Perhaps the clearest and most helpful individual web-location is a guide from the Swedish Centre for Chemical Substitution (source).

There now follows a review of what it offers, in summary: Sweden has put together a very helpful structure to help innovations be developed and commercialised, but, just like all the other tools, it does not set out the methods or even general principles by which new non-hazardous chemical science is identified and explored. GCD can help!

The Substitution Guide is set out in logical steps:

Step 1. Gather chemical content information

Step 2. Identify unwanted substances in your goods

Step 3. Identify possible alternatives

Step 4. Assess alternatives

Step 5. Develop new alternatives

This last step is the crucial one, because steps 1 to 4 are usually very easily covered: if a substitute is available then most users would know long before it was part of an online tool! 

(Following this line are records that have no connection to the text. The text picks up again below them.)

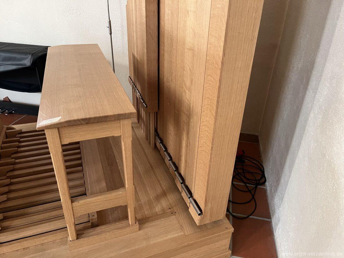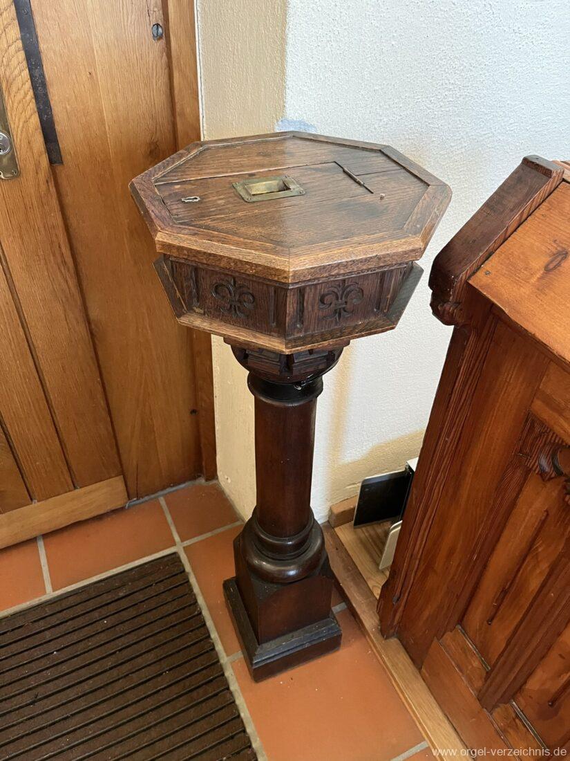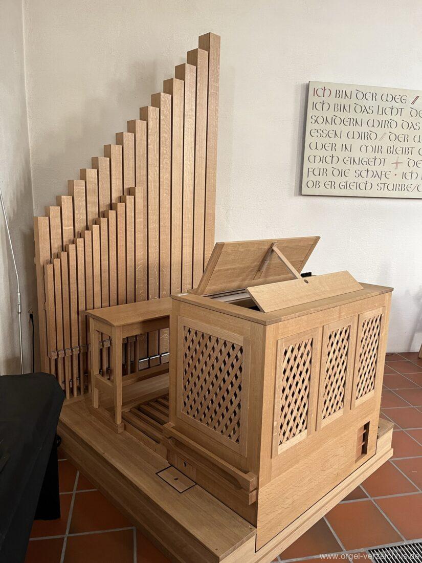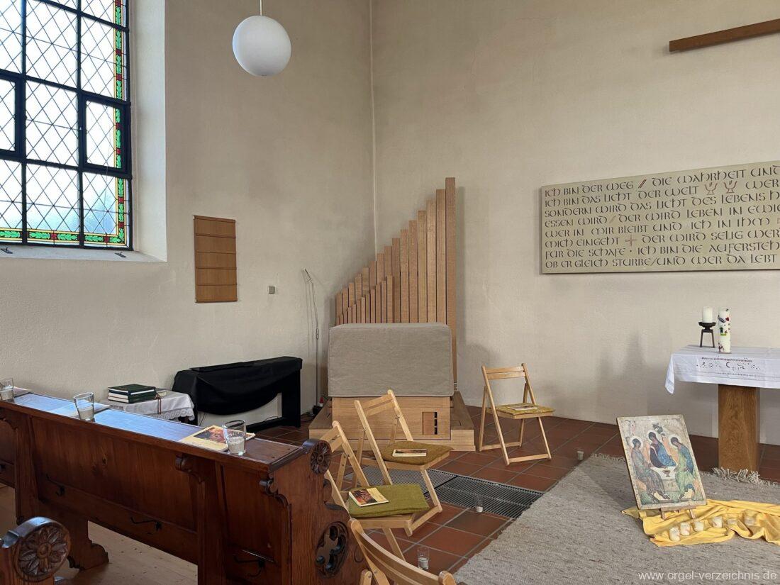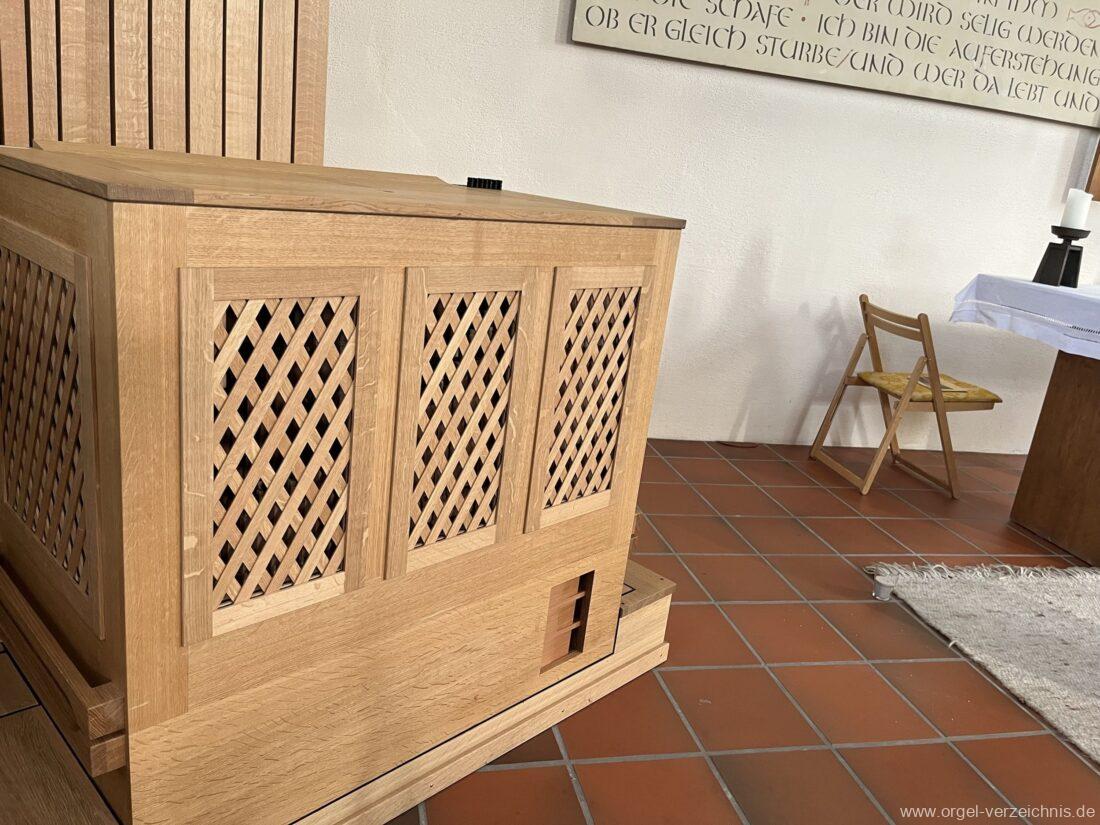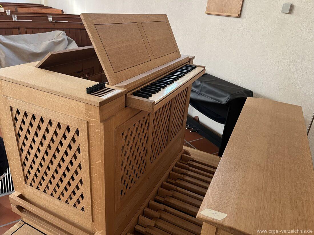 2022 mechanische Schleifladenorgel mit Schleifenteilung, erbaut in der Art einer Truhenorgel (Eichenholz-Gehäuse) mit angehängtem Pedal und eigenem Pedalregister durch Orgelbau Jens Steinhoff (Schwörstadt) I/6 aP. Die Truhenorgel kann separiert werden und in anderen Kirchen der Region zu Konzerten und Veranstaltungen genutzt werden – Einweihung am 13. März 2022 mit LKMD Christoph Bogon.
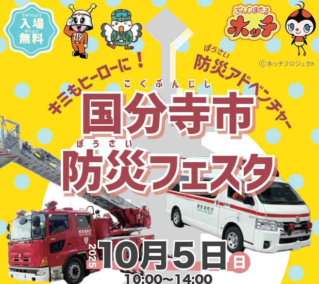 国分寺市では、2023年10月5日(日曜日)に「防災フェスタ」を開催します。このフェスタは、災害時における自助と共助の力を高めることを目的としており、幅広い年齢層の方々が楽しみながら防災について学ぶことができる企画が盛りだくさん。現地にお越しになる皆さんをお待ちしています!
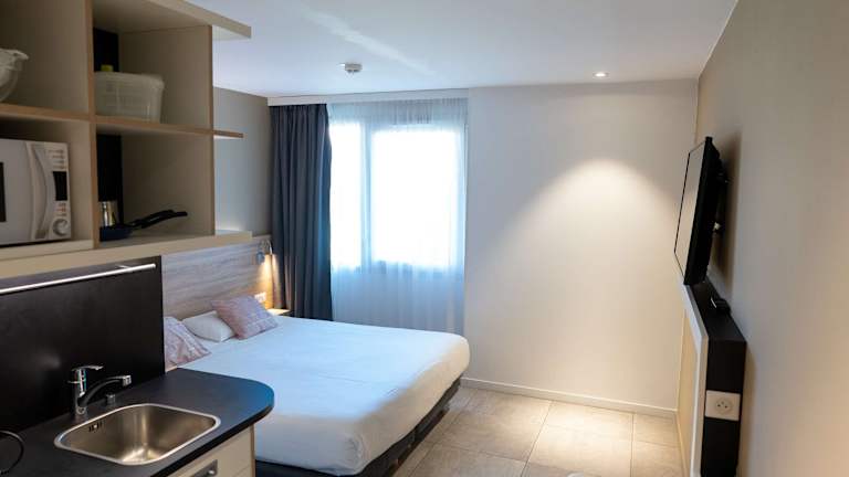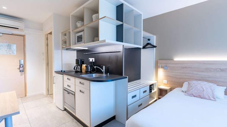 Die Zimmer im Kyriad Résidence Cabriès - Plan de Campagne sind komfortabel eingerichtet und verfügen über Annehmlichkeiten wie eine Klimaanlage, ein Doppelbett oder ein Schlafsofa, eine Mikrowelle, eine Kaffeemaschine und einen Fernseher. Die Badezimmer sind mit einer Dusche ausgestattet. Rollstuhlgerechte Zimmer sind ebenfalls verfügbar.
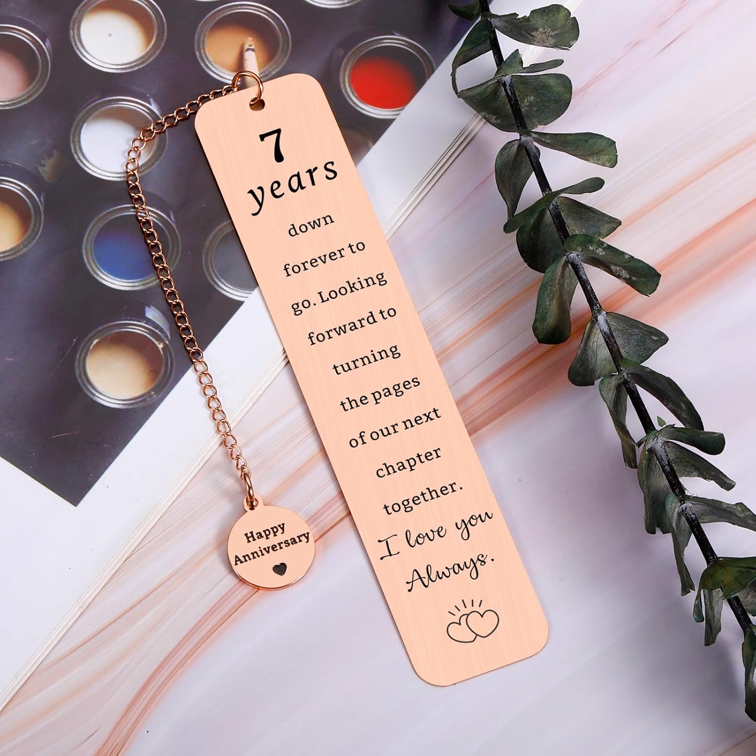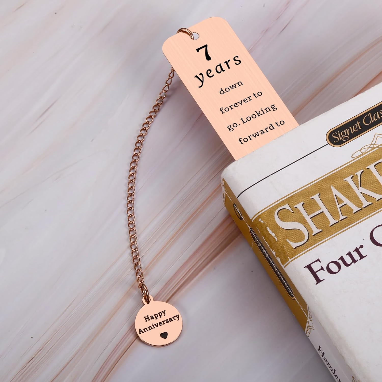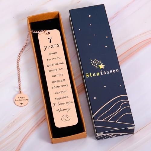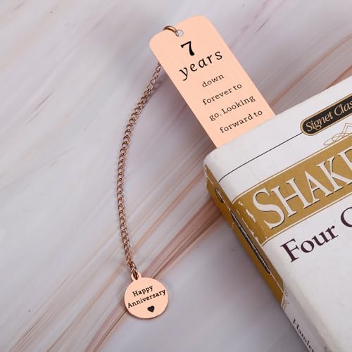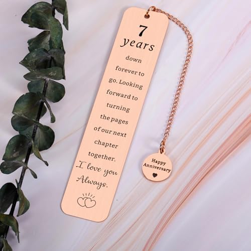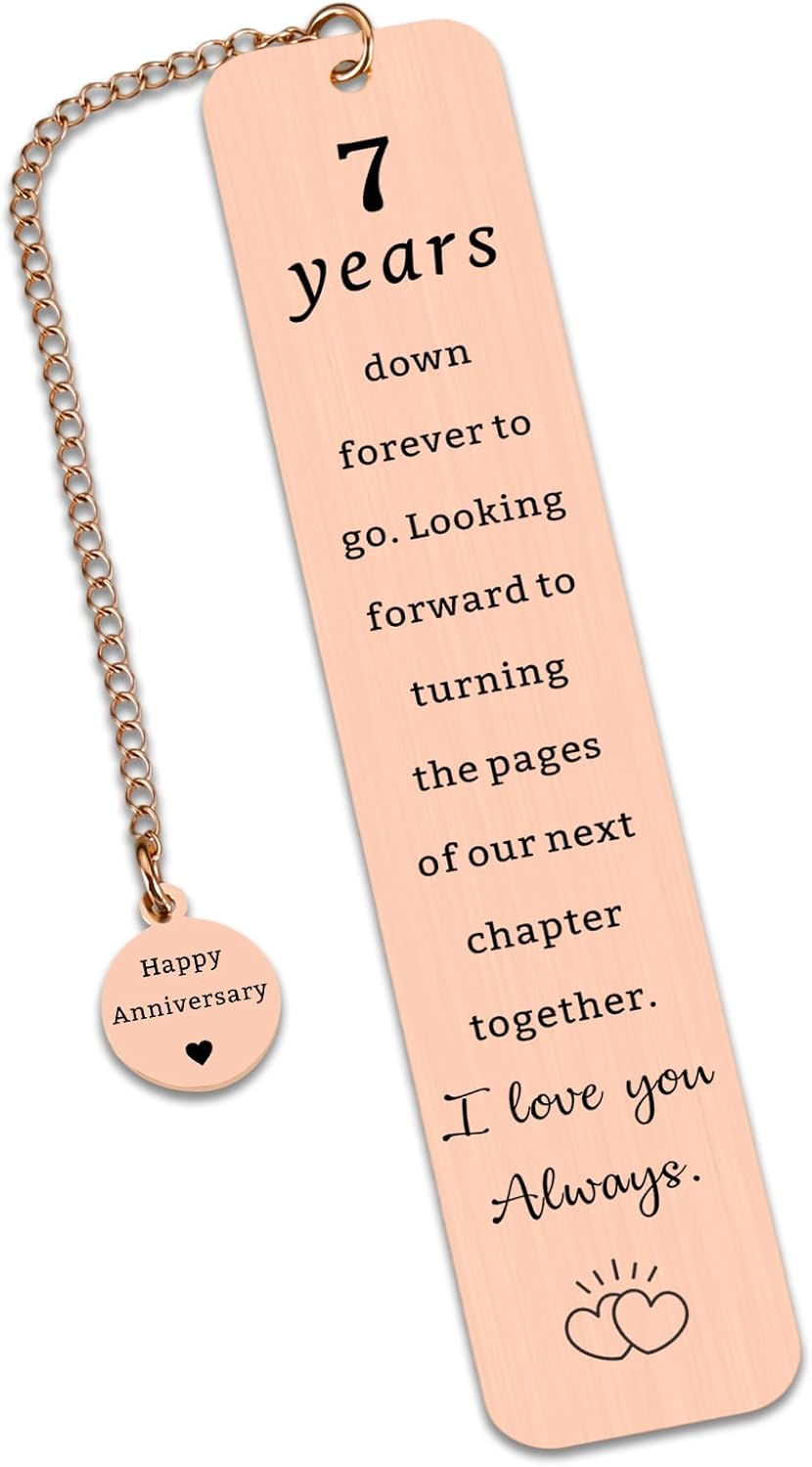 - Copper Anniversary Gifts for Men Women — Copper may tarnish, but these seven years have only polished our bond to a warmer, richer glow. A delicated bookmark is a great gift to celebrate the 7th anniversary. This gift makes the surprising day for wife/ husband/ boyfriend/ girlfriend. Elegant as 7th anniversary gifts, 7th anniversary wedding commemorative gifts, happy anniversary gifts, copper gifts for 7th anniversary to have a unforgettable and fun day.
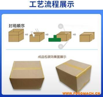 自動(dòng)折蓋包裝一體機(jī),折蓋封箱機(jī),自動(dòng)打包機(jī)封箱口位:上下封口,輸送速度:17.5m/min,膠帶寬度:50-70mm。
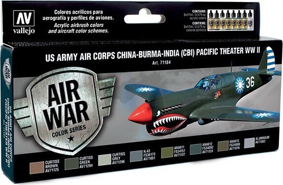 Sæt Model Air-farver udviklet til at male skemaerne for de fleste US ARMY AIR CORPS-fly, der blev brugt i operationsteatret Kina/Burma/Indien (CBI), såvel som i Stillehavskampagnen under Anden...
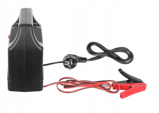 - SPECYFIKAJCA – kolor: czarny; materiał: tworzywo sztuczne; wyjście: AC110V / 230V: DC 12V; moc: 4,2A; maksymalny prąd ładowania: 6A; 6 lampek kontrolnych; przewody zasilające (dł): 1,5 m, kabel zasilający urządzenie (dł): 1,5m; wymiary (dł/szer/wys): 8,5/16/18 cm; waga: 1,5 kg

Does this site give help with development of alternatives? It sets out further advice

5.1 Use test beds to verify new alternatives. A testbed is an environment where companies, academia and other organizations can collaborate in the development, testing and introduction of new products or processes. This is a great idea, and acknowledges that companies will have the original thinking behind a novel solution.

5.2 Monitor new alternatives. This one is rather naïve: a good alternative will soon find a place in the market.

5.3 Share positive examples. Again, very nice thought but not really the commercial reality.

5.4 Raise the need for knowledge and research. The Substitution Centre seeks to bring people together – again, a helpful approach.

5.5 Innovation Incubator. Another initiative to help the innovator.

5.6 Collaborate with each other and us. This is about awareness of wider initiatives.

In practical terms, 5.1 is a great idea for SMEs. 

What seems to be missing is 5.0 Generate new insights and ideas. That is the precise place where Green Chemical Design wants to work with industry and academia: to make breakthroughs. Under Technical Approach we have already set out some principles and ideas, and in the near future we will expand upon those.